[Saved entries]

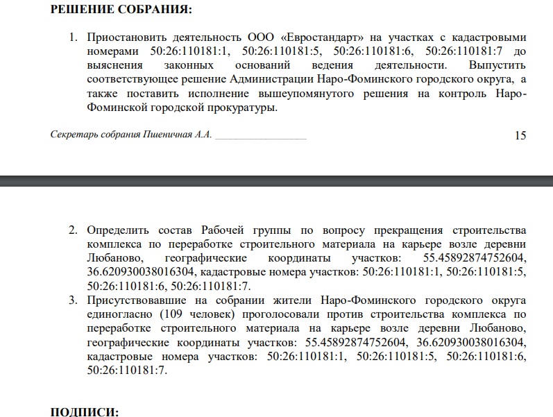 По результатам встречи жители единогласно выступили против проекта. Было решено приостановить работы и сформировать рабочую группу для прекращения и отмены строительства ООО "Евростандарт".
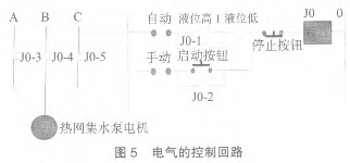 電氣的控制回路見圖5,這樣將數(shù)顯表的接點引入控制回路,可以實現(xiàn)液位高低的自動控制。同時見圖5集水箱帶報警開關(guān)磁翻板液位計下測點位置與變送器的位置之間可以存一段冷卻后的水,這樣可以保證變送器不會被高溫度的疏水而損壞。
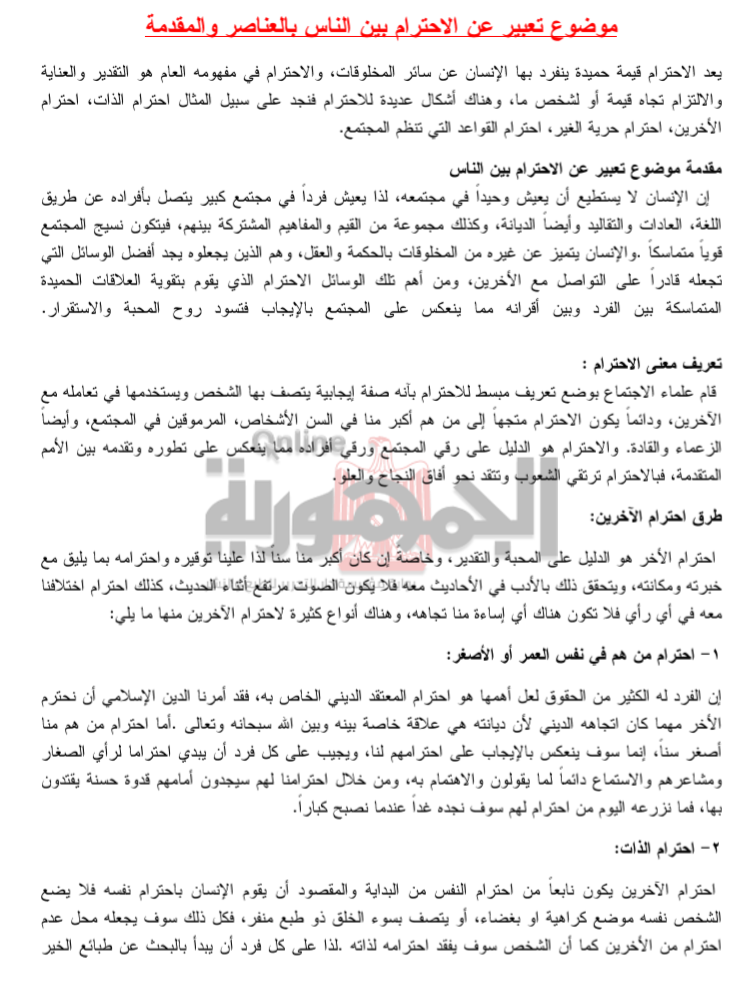 موضوع تعبير عن الاحترام بين الناس موقع محتوى
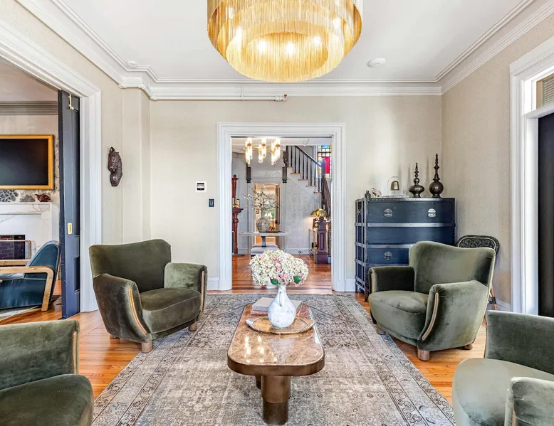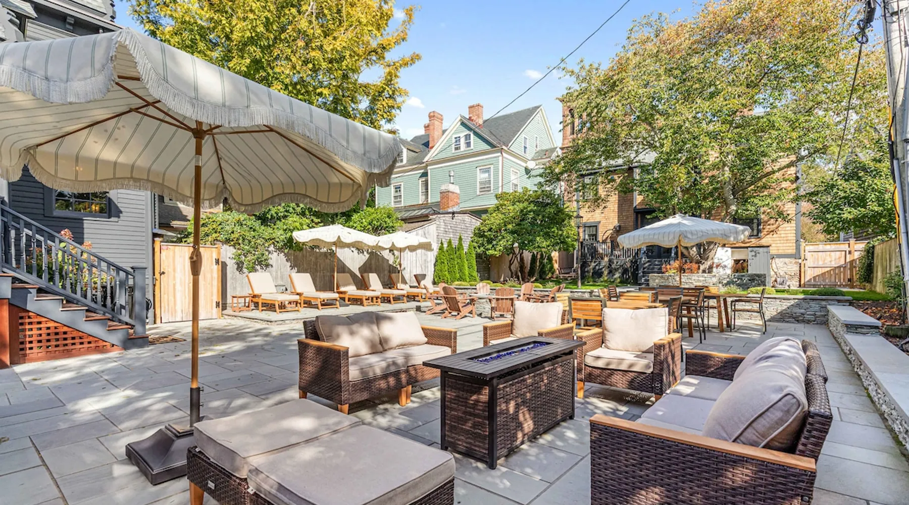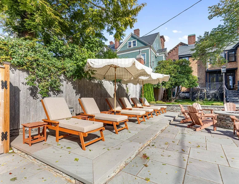 Welcome to Newport’s premier luxury inn, experience the charm of seaside elegance in our restored luxury estate. Located in the heart of downtown just steps away from Thames Street and Bowens Wharf! Putting you right in the middle of the best shopping, dining, and nightlife. Enjoy spaces like the fully stocked kitchen, beautiful backyard with a gas fire pit, and EV charging stations. Just one block from the water, you’ll be surrounded by Newport’s rich history and vibrant waterfront scene The space The home offers 7 spacious bedrooms and 9 total beds including 2 luxury pull-out sofas, including separate full marble bathrooms for each bedroom, and full laundry. The gourmet kitchen includes a large center island with comfortable seating for 4, marble countertops, stainless steel commercial-grade appliances, 2 wine refrigerators, and an abundance of dinnerware, cutlery, etc. The kitchen is adjacent to the dining room through the butlers pantry which can accommodate seating for 12, from here find the beautifully decorated parlor and living room with a gas fireplace. The property has a large bluestone patio which glows at night due to the thoughtfully designed architectural lighting. The courtyard has a built in gas fire pit, standing heaters, outdoor couches and chaise lounges which also surround an additional fire pit, and a propane grill. We have a large driveway that can fit 14 cars with stacked parking and we didn't stop there, we had a 2 port, state of the art EV charger installed in the driveway for all of our EV drivers out there. The home is ideal for entertaining and relaxing after a day at one of the nearby beaches. Looking to host a wedding party, rehearsal dinner, garden party... then this is without a doubt the rental for you. Walking distance (1 min.) to downtown Newport’s world-class shopping, dining, and entertainment located at Bowen's or Hammett's wharf and along thames street. Enjoy your vacation out on the town with peace of mind that your bed is only steps away. Guest access Don't fumble around with keys or confusing check in instructions at The Royce, the entire property is smart! All access is by means of easy smart locks with unique codes. Registration Details RE.06168-STR, expiry date: 2026-08-16
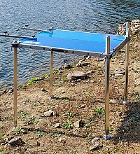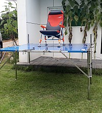 필피싱 콤비좌대 1800mm-2000mm사이즈 입니다. 측면 모습입니다. 하부쪽 모습입니다. 공용 받침틀 장착모습입니다. 파라솔 꽂이 장착모습입니다. 일반다리 장착 모습입니다. 뒤쪽에서 바라본 모습입니다. 중간 결합…
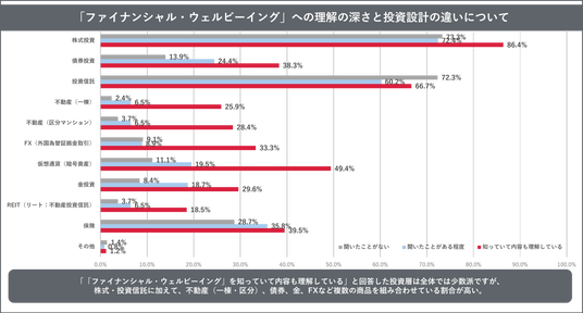 「ファイナンシャル・ウェルビーイング」を理解している投資層は、株・投信に加えて不動産、債券など複数資産を組み合わせる割合が高い。
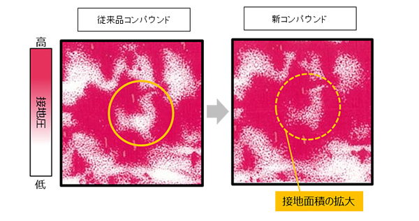 コンパウンド設計を分子レベルから見直し、ミクロレベルでのタイヤと路面の接地性を向上させた新コンパウンドを開発しました。この新コンパウンドを、コーナリング時に重要となる、フロント(3分割トレッド)及びリアタイヤ(5分割トレッド)※2のショルダー部分に採用し、コーナリング性能の向上に貢献しています。

### What to produce
Leave out the pictures, then copy all the remaining text in the records exactly.

### Result of the exercise
 По результатам встречи жители единогласно выступили против проекта. Было решено приостановить работы и сформировать рабочую группу для прекращения и отмены строительства ООО "Евростандарт".
 電氣的控制回路見圖5,這樣將數(shù)顯表的接點引入控制回路,可以實現(xiàn)液位高低的自動控制。同時見圖5集水箱帶報警開關(guān)磁翻板液位計下測點位置與變送器的位置之間可以存一段冷卻后的水,這樣可以保證變送器不會被高溫度的疏水而損壞。
 موضوع تعبير عن الاحترام بين الناس موقع محتوى
 Welcome to Newport’s premier luxury inn, experience the charm of seaside elegance in our restored luxury estate. Located in the heart of downtown just steps away from Thames Street and Bowens Wharf! Putting you right in the middle of the best shopping, dining, and nightlife. Enjoy spaces like the fully stocked kitchen, beautiful backyard with a gas fire pit, and EV charging stations. Just one block from the water, you’ll be surrounded by Newport’s rich history and vibrant waterfront scene The space The home offers 7 spacious bedrooms and 9 total beds including 2 luxury pull-out sofas, including separate full marble bathrooms for each bedroom, and full laundry. The gourmet kitchen includes a large center island with comfortable seating for 4, marble countertops, stainless steel commercial-grade appliances, 2 wine refrigerators, and an abundance of dinnerware, cutlery, etc. The kitchen is adjacent to the dining room through the butlers pantry which can accommodate seating for 12, from here find the beautifully decorated parlor and living room with a gas fireplace. The property has a large bluestone patio which glows at night due to the thoughtfully designed architectural lighting. The courtyard has a built in gas fire pit, standing heaters, outdoor couches and chaise lounges which also surround an additional fire pit, and a propane grill. We have a large driveway that can fit 14 cars with stacked parking and we didn't stop there, we had a 2 port, state of the art EV charger installed in the driveway for all of our EV drivers out there. The home is ideal for entertaining and relaxing after a day at one of the nearby beaches. Looking to host a wedding party, rehearsal dinner, garden party... then this is without a doubt the rental for you. Walking distance (1 min.) to downtown Newport’s world-class shopping, dining, and entertainment located at Bowen's or Hammett's wharf and along thames street. Enjoy your vacation out on the town with peace of mind that your bed is only steps away. Guest access Don't fumble around with keys or confusing check in instructions at The Royce, the entire property is smart! All access is by means of easy smart locks with unique codes. Registration Details RE.06168-STR, expiry date: 2026-08-16
 필피싱 콤비좌대 1800mm-2000mm사이즈 입니다. 측면 모습입니다. 하부쪽 모습입니다. 공용 받침틀 장착모습입니다. 파라솔 꽂이 장착모습입니다. 일반다리 장착 모습입니다. 뒤쪽에서 바라본 모습입니다. 중간 결합…
 「ファイナンシャル・ウェルビーイング」を理解している投資層は、株・投信に加えて不動産、債券など複数資産を組み合わせる割合が高い。
 コンパウンド設計を分子レベルから見直し、ミクロレベルでのタイヤと路面の接地性を向上させた新コンパウンドを開発しました。この新コンパウンドを、コーナリング時に重要となる、フロント(3分割トレッド)及びリアタイヤ(5分割トレッド)※2のショルダー部分に採用し、コーナリング性能の向上に貢献しています。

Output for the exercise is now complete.